Orbán erklärte, der Westen müsse verstehen, dass Putin nicht verlieren könne und werde. Russland kann nicht zulassen, dass die NATO eine Präsenz in der Ukraine aufbaut. Russland wollte eine befreundete Regierung in der Ukraine installieren. Hätte Russland einen schnellen Sieg errungen, wäre das vielleicht möglich gewesen, aber jetzt ist es hoffnungslos. Die Zeit dafür ist längst vorbei. Deshalb ist es jetzt Russlands Ziel, die Ukraine zu einem unregierbaren Wrack zu machen, sodass der Westen sie nicht als Preis beanspruchen kann.
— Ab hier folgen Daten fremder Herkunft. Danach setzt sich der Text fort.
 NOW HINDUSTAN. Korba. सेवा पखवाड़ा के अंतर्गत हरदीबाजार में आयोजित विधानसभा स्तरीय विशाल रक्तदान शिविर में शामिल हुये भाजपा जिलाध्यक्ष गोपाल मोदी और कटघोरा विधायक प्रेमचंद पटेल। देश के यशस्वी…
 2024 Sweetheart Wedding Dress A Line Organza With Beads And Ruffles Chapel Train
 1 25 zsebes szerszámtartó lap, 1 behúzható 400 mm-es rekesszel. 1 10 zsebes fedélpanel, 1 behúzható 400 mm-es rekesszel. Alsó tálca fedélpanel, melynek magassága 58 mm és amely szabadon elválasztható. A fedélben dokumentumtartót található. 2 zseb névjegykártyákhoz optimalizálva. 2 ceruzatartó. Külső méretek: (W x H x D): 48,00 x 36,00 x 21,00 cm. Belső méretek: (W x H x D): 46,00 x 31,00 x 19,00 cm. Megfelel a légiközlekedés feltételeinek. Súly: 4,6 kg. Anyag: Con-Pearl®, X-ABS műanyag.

Das ist ihnen bereits gelungen.

Eskalation ist jetzt unvermeidlich

„Wir stecken in großen, großen Schwierigkeiten“, sagte er über den Westen. Wenn Russlands kommende Frühjahrsoffensive erfolgreich ist, dann werden die NATO-Länder vor der Frage stehen, ob wir Soldaten entsenden, um für die Ukraine zu kämpfen. Orbán glaubt, dass das etwas ist, über das das US-amerikanische Volk nicht nachdenkt, aber es steht im Fokus einer wachsenden Zahl von Europäern, deren Länder verwüstet werden, wenn sich der Krieg ausbreitet.
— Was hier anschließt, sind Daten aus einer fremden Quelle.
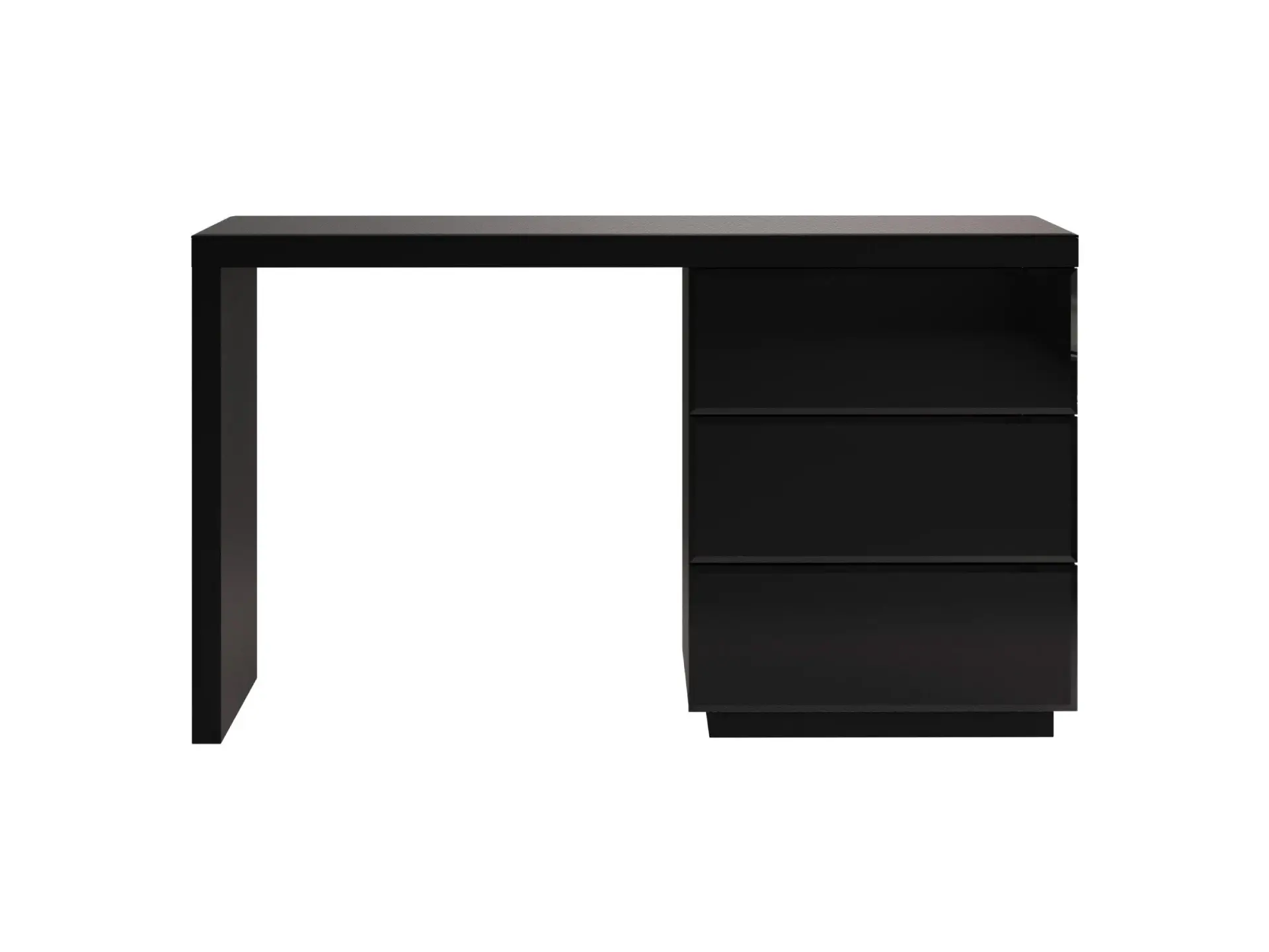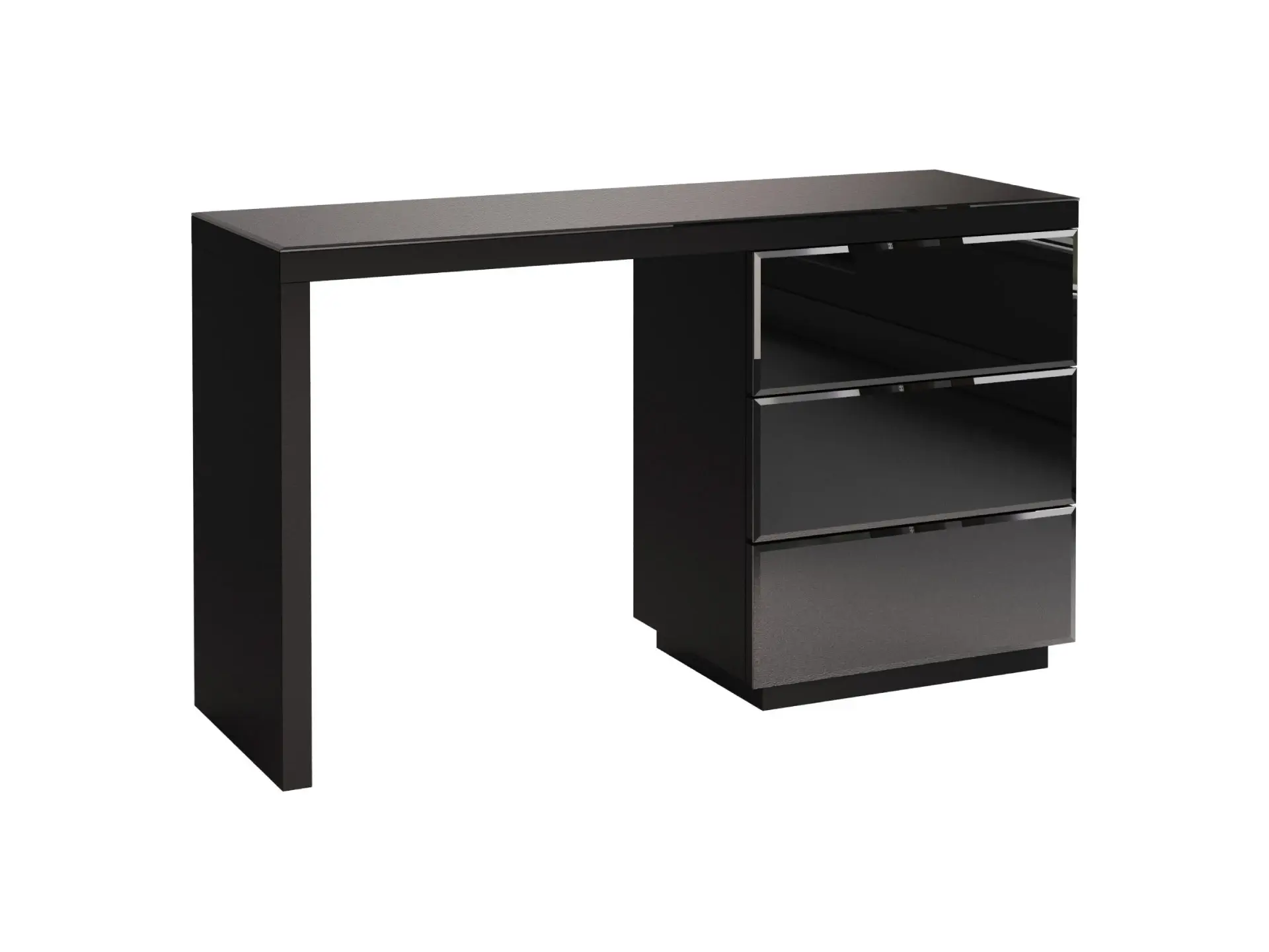 Туалетный столик с тремя выдвижными ящиками. Столешница и фасадные стенки ящиков декорированы стеклом. Стол может быть собран с правым или левым расположением тумбы с ящиками. Ящики открываются по принципу «нажал — открыл».

Aus der Runde der ungläubigen Journalisten kam die Frage: „Wirklich? NATO-Truppen kämpfen gegen Russen in der Ukraine?“

Ja, entgegnete Orbán. Es klinge heute verrückt, „aber wenn man sich die Tendenz anschaut, wie wir heute an diesen Punkt gekommen sind, kann es nicht ausgeschlossen werden“.
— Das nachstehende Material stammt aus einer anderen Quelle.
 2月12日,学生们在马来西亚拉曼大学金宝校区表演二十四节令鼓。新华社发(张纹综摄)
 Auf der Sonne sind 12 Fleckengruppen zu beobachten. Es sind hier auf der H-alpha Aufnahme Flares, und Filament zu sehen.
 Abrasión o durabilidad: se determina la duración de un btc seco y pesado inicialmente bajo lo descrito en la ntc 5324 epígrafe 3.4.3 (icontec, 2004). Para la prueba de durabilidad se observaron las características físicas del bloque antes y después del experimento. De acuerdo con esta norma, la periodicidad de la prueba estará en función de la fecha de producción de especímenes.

An dieser Stelle sei ein aktueller Einschub erlaubt:

Am 1. Februar 2023 hob der ehemalige britische Verteidigungsminister, der von der Queen geadelte Sir Gerald Howarth, in einem Fernsehinterview hervor: „Die NATO muss möglicherweise Bodentruppen in die Ukraine entsenden.“ Der Link zum Video ist hier.

[Forts. Rod Dreher]

Orbán hat die westliche Kriegsdynamik in Form der Salamitaktik verstanden, denn gegenüber den Journalisten führt er weiter aus, dass der Westen sich „in einem Krieg mit Russland befindet. Das ist die Realität! Jeden Tag bewegen wir uns weiter.“

In der Diskussion distanziert sich Orbán unzweideutig von dieser Politik des Westens. Er drängt auf Frieden und hat von Anfang an erklärt, dass aus diesem Krieg niemand als Gewinner hervorgeht. Aber er sagt, dass viel zu viele im Westen sich darüber hinwegtäuschen, was wirklich passiert – und was passieren könnte. Die westlichen Politiker mögen vielleicht glauben, dass sie sich nicht im Krieg mit Russland befinden, aber indem sie immer mehr Waffen schicken und eine tatsächlichen Intervention mit NATO-Truppen immer wahrscheinlicher wird, spielen die westlichen Oberhäupter ein extrem gefährliches Spiel mit sich selbst, mit Russland und mit der westlichen Öffentlichkeit, so Orbán.

Die Möglichkeit eines Atomkriegs?

Ein Journalist fragte den Ministerpräsidenten, ob er glaube, dass der Krieg nuklear werden könnte. „Ich kann nicht ausschließen, dass es dazu kommt“, erwiderte er. Weiter stellte er fest, dass er von taktischen Atomwaffen auf dem Schlachtfeld spreche, nicht von Atompilzwolken über Warschau und Berlin – „aber auch das kann ich nicht ausschließen“, so Orbán. Wenn die Ukraine mithilfe weiterer massiver westlicher Waffenlieferungen irgendwie doch an den Punkt käme, die Grenze auf russisches Territorium zu überqueren, dann würde die Zukunft der Welt so „hell“, dass der Westen starke Sonnengläser tragen muss.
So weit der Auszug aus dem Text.